Symptoms and signs associated with classical causes of hypogonadism
The Endocrine Society Guidelines Committee identified signs and symptoms that are more suggestive of androgen deficiency (14). They include incomplete sexual development, reduced libido, decreased spontaneous erections, breast discomfort or gynecomastia, loss of body hair or reduced shaving, very small or shrinking testis, inability to father children or low sperm counts, decreased bone mineral density (BMD) and osteoporosis, decreased muscle mass and strength, and hot flushes. Other manifestations that are associated with androgen deficiency but are less specific include decreased energy and motivation, dysthymia, decreased intellectual capacity, poor concentration, depression, fatigue, sleep disturbance, mild anemia (normochromic, normocytic, in the female range), increased body fat, increased body mass index, and diminished physical performance (14). The less specific symptoms and signs can be caused by other conditions, and comorbidities make the diagnosis more difficult in older men.

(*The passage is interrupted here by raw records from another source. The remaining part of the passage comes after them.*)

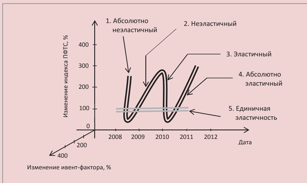
Рисунок 3. Схематичная диаграмма рассеяния с привязкой к формам эластичности*

Линия, которая проходит через все группы, содержит случаи с единичной эластичностью, и, соответственно, переход от одной группы приблизительно проходит через данную область.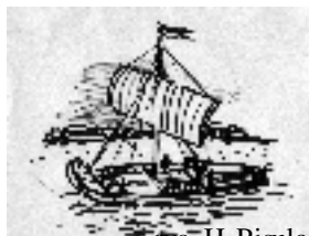
rys. H. Pisula

klas jest następująca (od najlepszej): III b, Ia, IIa, Ic, IIIa, Ib, IIc, IIb, IIIc. W szkole działa się bardzo wiele dobrze. Poszerzenie oferty dydaktyczno-wychowawczej szkoły stanowią realizowane dodatkowe programy, przeprowadzone apele o różnorodnej tematyce, nadawane audycje radiowe i okazjonalne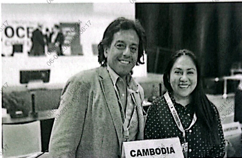
Figura 6. Foto de la Congresista Heidi Juárez y el Congresista Ed Málaga en la sesión Sesión de la mañana sobre minimizar y abordar la acidificación de los océanos, la desoxigenación y el calentamiento de los océanos.

un mecanismo financiero para pérdidas y daños, y reemplazar la producción de alimentos intensiva en recursos con algas marinas.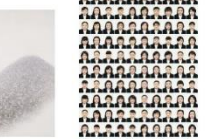
澤田知子『Recruit/Black』2004年 100 Omrogami paper タグアートコレクション/タグアート現代美術館蔵

■展示作家 野田／相笠昌景／会田誠／朝倉拱／猪熊弦一郎／内田誠／梅宮馨一郎／海老原真之助／大森哲也／尾田健／桂川寛／北川次／小磯良平／ちうたろう（前光太郎）／澤田知子／新海寛隆／菅原光人／須田寿／高山良策／田中忠雄／長尾和／中谷登／中村宏／西村功／野見山晴治／真鍋博／宮本三郎／やなぎみわ／協田和（五十音順）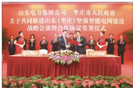
山东电力集团公司与枣庄市政府签订关于共同推进枣庄坚强智能电网建设战略会谈暨合作协议签署仪式

Zitzmann et al. (15) surveyed 434 consecutive male patients aged 50-86 yr in an andrological outpatient department to determine whether psychosomatic complaints and metabolic factors were related to sex hormone levels in a symptom-specific manner. No clear-cut threshold for late-onset hypogonadism was found. Rather, prevalence of psychosomatic symptoms and metabolic risk factors increased with decreasing androgen levels. The prevalence of loss of libido or vigor increased with testosterone concentrations less than 432 ng/dl, and depression and type 2 diabetes mellitus were more common in men with testosterone concentrations less than 288 ng/dl. Testosterone concentrations below 230 ng/dl contributed to erectile dysfunction.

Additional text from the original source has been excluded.